### TASK DETAILS
All entries below are to be written out again exactly, but no picture is to be copied.

### SOURCE MATERIAL

★ ★ ★ ★ ★ ★ ★

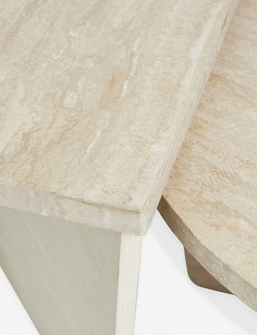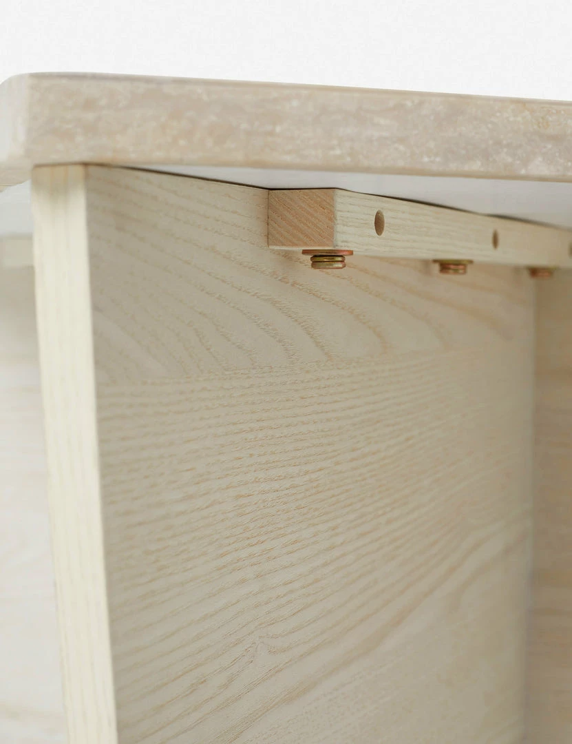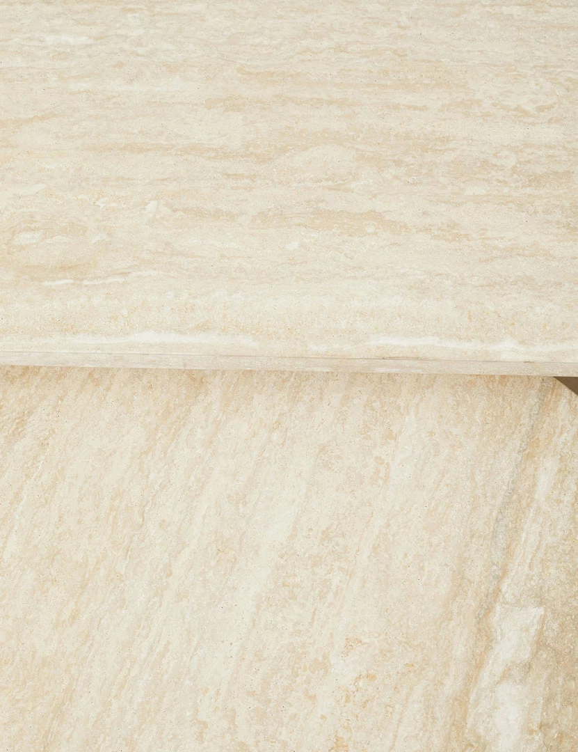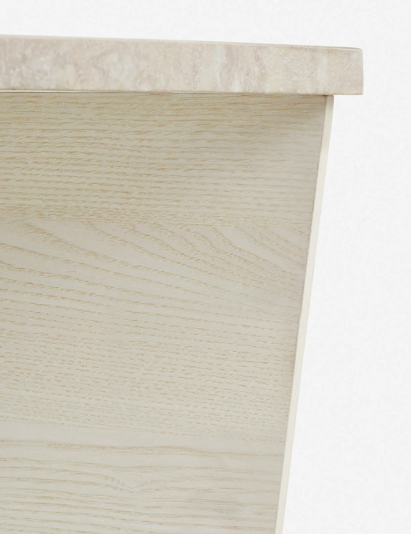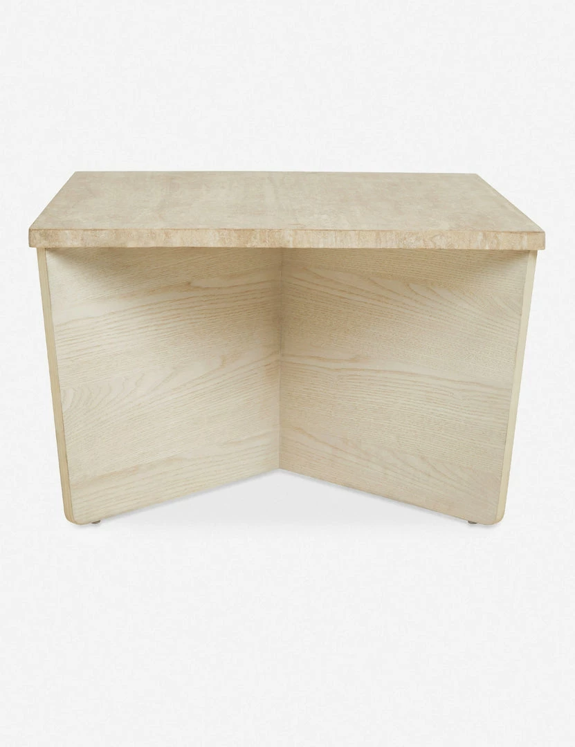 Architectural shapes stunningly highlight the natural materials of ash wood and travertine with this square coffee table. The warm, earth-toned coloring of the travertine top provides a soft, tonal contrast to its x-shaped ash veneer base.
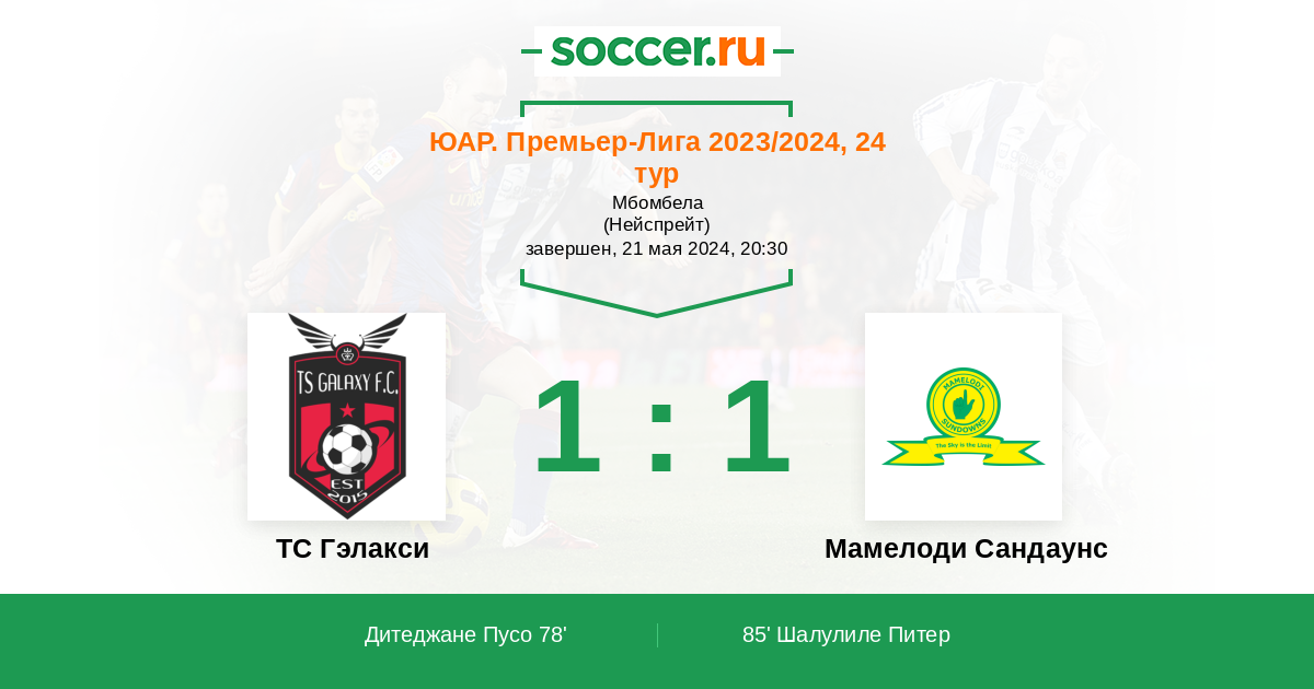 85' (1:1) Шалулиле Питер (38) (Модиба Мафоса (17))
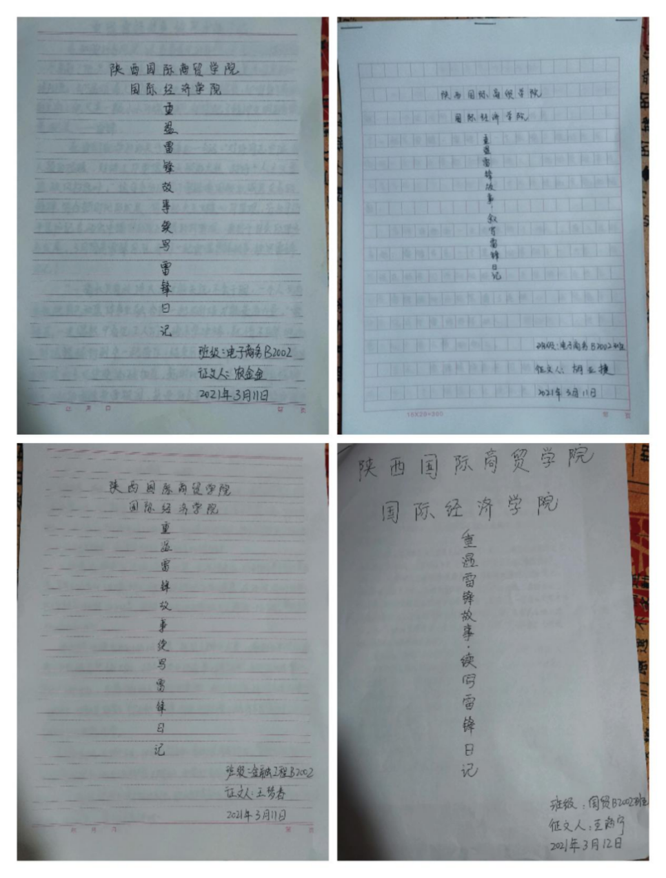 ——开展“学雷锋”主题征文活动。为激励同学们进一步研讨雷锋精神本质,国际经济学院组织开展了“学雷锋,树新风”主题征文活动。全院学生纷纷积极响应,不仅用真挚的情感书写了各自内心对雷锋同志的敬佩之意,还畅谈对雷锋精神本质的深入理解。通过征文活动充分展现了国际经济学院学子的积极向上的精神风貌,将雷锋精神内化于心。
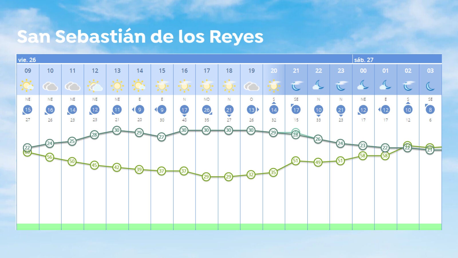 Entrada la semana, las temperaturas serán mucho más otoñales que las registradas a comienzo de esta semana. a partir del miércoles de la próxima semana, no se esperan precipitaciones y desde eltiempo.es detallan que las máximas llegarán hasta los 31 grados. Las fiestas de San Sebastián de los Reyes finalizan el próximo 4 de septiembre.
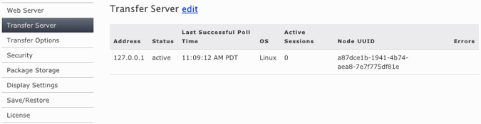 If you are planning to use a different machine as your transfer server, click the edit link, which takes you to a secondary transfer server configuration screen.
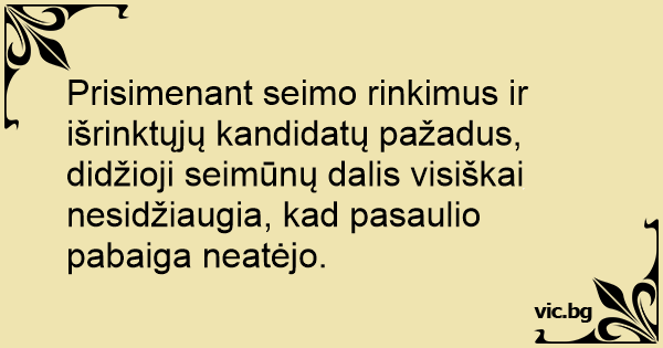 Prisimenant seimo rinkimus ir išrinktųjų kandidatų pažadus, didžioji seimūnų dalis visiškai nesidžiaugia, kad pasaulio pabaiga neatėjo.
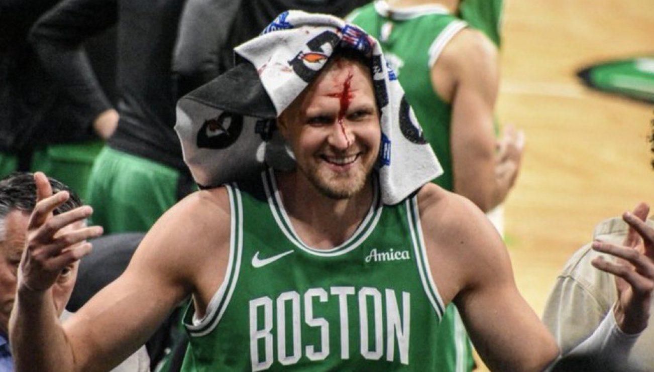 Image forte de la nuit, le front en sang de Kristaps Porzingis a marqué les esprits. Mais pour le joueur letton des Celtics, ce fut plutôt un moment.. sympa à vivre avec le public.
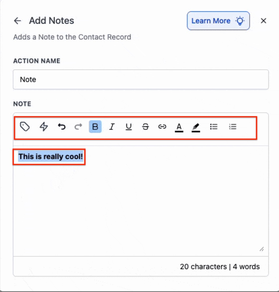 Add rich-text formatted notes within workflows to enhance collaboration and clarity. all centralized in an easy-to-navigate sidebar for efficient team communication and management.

★ ★ ★ ★ ★ ★ ★

### EXERCISE OUTPUT
 Architectural shapes stunningly highlight the natural materials of ash wood and travertine with this square coffee table. The warm, earth-toned coloring of the travertine top provides a soft, tonal contrast to its x-shaped ash veneer base.
 85' (1:1) Шалулиле Питер (38) (Модиба Мафоса (17))
 ——开展“学雷锋”主题征文活动。为激励同学们进一步研讨雷锋精神本质,国际经济学院组织开展了“学雷锋,树新风”主题征文活动。全院学生纷纷积极响应,不仅用真挚的情感书写了各自内心对雷锋同志的敬佩之意,还畅谈对雷锋精神本质的深入理解。通过征文活动充分展现了国际经济学院学子的积极向上的精神风貌,将雷锋精神内化于心。
 Entrada la semana, las temperaturas serán mucho más otoñales que las registradas a comienzo de esta semana. a partir del miércoles de la próxima semana, no se esperan precipitaciones y desde eltiempo.es detallan que las máximas llegarán hasta los 31 grados. Las fiestas de San Sebastián de los Reyes finalizan el próximo 4 de septiembre.
 If you are planning to use a different machine as your transfer server, click the edit link, which takes you to a secondary transfer server configuration screen.
 Prisimenant seimo rinkimus ir išrinktųjų kandidatų pažadus, didžioji seimūnų dalis visiškai nesidžiaugia, kad pasaulio pabaiga neatėjo.
 Image forte de la nuit, le front en sang de Kristaps Porzingis a marqué les esprits. Mais pour le joueur letton des Celtics, ce fut plutôt un moment.. sympa à vivre avec le public.
 Add rich-text formatted notes within workflows to enhance collaboration and clarity. all centralized in an easy-to-navigate sidebar for efficient team communication and management.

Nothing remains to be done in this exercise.